# Problem statement
Lines after the one containing "Le roi Charles" are to be omitted; print exactly each line from the start of the records up to and including it.

Collected data entries
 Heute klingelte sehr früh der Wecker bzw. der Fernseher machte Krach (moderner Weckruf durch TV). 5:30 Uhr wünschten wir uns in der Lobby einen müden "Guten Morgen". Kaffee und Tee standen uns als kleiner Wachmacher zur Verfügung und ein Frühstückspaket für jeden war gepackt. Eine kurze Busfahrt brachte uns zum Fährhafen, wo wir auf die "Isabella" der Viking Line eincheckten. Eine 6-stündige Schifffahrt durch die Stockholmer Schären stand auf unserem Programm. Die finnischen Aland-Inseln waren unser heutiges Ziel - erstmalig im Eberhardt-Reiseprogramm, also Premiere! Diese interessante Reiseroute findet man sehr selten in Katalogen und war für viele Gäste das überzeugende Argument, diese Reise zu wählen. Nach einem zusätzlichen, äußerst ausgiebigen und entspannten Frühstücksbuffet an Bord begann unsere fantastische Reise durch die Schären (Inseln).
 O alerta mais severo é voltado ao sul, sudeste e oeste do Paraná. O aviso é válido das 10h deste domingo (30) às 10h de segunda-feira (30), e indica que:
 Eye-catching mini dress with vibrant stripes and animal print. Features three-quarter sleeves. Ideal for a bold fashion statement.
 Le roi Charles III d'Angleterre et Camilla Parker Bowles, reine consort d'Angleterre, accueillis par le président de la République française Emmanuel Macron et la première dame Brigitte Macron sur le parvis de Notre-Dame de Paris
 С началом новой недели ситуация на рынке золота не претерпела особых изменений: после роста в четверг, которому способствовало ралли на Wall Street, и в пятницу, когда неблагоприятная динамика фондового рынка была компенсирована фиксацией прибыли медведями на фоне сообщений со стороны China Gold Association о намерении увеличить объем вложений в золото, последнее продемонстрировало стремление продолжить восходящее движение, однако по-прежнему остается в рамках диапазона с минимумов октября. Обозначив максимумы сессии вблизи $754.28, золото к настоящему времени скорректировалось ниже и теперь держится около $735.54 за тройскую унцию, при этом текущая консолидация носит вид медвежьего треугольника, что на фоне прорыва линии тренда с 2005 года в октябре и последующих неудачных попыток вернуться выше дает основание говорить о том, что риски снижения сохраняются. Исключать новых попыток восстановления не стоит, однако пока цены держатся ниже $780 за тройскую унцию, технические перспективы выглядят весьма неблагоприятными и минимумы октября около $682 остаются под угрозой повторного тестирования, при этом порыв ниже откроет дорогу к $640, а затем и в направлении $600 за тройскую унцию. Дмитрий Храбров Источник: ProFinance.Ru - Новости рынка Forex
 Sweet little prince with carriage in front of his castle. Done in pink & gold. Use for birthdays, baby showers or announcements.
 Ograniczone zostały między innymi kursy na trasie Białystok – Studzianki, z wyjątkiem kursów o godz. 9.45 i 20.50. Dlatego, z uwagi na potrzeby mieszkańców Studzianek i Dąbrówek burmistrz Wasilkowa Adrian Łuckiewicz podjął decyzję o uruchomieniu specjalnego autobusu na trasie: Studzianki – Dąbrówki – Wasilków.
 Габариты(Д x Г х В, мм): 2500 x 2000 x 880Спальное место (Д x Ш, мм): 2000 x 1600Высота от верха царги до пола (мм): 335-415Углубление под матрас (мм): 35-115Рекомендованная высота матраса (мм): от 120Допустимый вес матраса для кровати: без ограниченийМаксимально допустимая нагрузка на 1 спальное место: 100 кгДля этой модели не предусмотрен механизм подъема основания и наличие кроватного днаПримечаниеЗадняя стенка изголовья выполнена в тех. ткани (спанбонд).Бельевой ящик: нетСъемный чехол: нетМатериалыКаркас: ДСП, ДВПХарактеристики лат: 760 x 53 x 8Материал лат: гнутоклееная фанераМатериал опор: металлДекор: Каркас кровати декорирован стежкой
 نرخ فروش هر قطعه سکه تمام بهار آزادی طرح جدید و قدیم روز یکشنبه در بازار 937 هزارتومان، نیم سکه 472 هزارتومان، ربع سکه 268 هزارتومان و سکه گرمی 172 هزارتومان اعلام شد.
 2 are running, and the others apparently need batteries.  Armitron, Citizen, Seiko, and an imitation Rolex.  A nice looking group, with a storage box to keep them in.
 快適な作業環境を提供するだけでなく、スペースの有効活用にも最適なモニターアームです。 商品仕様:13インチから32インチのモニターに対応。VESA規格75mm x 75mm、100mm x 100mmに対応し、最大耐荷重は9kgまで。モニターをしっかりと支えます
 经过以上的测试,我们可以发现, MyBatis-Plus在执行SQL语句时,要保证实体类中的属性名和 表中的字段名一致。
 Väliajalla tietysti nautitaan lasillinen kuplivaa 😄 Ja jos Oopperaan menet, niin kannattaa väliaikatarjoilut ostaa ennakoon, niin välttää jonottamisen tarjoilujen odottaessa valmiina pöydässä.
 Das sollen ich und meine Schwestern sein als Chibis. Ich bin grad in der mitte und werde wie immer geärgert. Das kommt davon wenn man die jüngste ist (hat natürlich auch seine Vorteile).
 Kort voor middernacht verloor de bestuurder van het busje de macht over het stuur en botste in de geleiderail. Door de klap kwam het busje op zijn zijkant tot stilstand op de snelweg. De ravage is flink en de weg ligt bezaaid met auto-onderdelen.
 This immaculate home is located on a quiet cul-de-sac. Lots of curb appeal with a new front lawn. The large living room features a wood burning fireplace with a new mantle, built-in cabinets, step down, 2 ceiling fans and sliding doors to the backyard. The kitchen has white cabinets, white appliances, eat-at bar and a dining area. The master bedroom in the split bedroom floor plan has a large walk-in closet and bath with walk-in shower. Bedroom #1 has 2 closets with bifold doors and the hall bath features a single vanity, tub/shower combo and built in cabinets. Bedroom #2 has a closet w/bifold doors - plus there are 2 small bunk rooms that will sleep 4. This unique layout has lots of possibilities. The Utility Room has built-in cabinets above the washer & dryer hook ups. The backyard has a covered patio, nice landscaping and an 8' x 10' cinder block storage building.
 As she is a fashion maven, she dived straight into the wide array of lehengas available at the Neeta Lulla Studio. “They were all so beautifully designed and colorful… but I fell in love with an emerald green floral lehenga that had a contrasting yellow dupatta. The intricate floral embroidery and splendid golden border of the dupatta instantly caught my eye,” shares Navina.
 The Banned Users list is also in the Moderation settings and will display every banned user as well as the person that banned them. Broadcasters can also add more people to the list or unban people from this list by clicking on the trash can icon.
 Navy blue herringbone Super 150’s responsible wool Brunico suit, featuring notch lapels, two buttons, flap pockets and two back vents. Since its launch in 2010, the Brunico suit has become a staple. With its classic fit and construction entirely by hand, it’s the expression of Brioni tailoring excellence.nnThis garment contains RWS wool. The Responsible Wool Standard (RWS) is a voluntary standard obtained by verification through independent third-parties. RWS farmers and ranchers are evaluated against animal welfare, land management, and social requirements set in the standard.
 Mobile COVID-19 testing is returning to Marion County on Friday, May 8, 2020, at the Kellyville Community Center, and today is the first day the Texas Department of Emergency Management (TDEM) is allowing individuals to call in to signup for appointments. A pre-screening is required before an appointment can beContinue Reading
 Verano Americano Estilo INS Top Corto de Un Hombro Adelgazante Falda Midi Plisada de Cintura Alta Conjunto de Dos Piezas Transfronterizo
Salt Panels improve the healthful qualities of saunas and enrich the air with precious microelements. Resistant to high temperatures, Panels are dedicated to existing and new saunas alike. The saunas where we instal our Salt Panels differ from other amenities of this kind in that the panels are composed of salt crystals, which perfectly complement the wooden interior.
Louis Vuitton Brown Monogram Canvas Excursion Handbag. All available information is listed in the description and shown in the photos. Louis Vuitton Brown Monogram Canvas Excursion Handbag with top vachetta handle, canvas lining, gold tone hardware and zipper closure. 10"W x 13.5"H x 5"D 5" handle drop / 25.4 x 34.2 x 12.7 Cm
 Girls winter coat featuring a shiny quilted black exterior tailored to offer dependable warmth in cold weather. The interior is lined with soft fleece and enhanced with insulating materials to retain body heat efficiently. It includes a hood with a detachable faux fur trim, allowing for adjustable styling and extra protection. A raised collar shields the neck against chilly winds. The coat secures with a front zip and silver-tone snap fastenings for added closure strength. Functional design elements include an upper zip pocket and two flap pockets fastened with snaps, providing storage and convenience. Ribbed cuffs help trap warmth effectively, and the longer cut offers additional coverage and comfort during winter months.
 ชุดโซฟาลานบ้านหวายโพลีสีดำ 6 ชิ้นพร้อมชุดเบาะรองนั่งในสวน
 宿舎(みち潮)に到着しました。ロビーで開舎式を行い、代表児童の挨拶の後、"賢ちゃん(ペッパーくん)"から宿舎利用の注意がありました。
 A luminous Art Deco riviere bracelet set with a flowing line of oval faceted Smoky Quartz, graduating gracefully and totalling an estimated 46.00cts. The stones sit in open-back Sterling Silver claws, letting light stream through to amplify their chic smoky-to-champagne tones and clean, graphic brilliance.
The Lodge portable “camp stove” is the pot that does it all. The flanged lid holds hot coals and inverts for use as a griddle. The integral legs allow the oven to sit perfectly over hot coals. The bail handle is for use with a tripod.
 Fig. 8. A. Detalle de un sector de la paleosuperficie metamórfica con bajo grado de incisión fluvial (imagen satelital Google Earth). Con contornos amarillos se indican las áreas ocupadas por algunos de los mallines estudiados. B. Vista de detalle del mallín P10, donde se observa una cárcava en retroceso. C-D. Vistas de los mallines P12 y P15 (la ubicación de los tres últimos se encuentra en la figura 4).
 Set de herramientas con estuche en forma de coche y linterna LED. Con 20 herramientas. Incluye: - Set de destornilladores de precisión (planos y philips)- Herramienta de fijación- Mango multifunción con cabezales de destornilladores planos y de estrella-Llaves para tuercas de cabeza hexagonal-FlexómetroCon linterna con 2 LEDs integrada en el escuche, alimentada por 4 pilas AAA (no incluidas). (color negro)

# Result
 Heute klingelte sehr früh der Wecker bzw. der Fernseher machte Krach (moderner Weckruf durch TV). 5:30 Uhr wünschten wir uns in der Lobby einen müden "Guten Morgen". Kaffee und Tee standen uns als kleiner Wachmacher zur Verfügung und ein Frühstückspaket für jeden war gepackt. Eine kurze Busfahrt brachte uns zum Fährhafen, wo wir auf die "Isabella" der Viking Line eincheckten. Eine 6-stündige Schifffahrt durch die Stockholmer Schären stand auf unserem Programm. Die finnischen Aland-Inseln waren unser heutiges Ziel - erstmalig im Eberhardt-Reiseprogramm, also Premiere! Diese interessante Reiseroute findet man sehr selten in Katalogen und war für viele Gäste das überzeugende Argument, diese Reise zu wählen. Nach einem zusätzlichen, äußerst ausgiebigen und entspannten Frühstücksbuffet an Bord begann unsere fantastische Reise durch die Schären (Inseln).
 O alerta mais severo é voltado ao sul, sudeste e oeste do Paraná. O aviso é válido das 10h deste domingo (30) às 10h de segunda-feira (30), e indica que:
 Eye-catching mini dress with vibrant stripes and animal print. Features three-quarter sleeves. Ideal for a bold fashion statement.
 Le roi Charles III d'Angleterre et Camilla Parker Bowles, reine consort d'Angleterre, accueillis par le président de la République française Emmanuel Macron et la première dame Brigitte Macron sur le parvis de Notre-Dame de Paris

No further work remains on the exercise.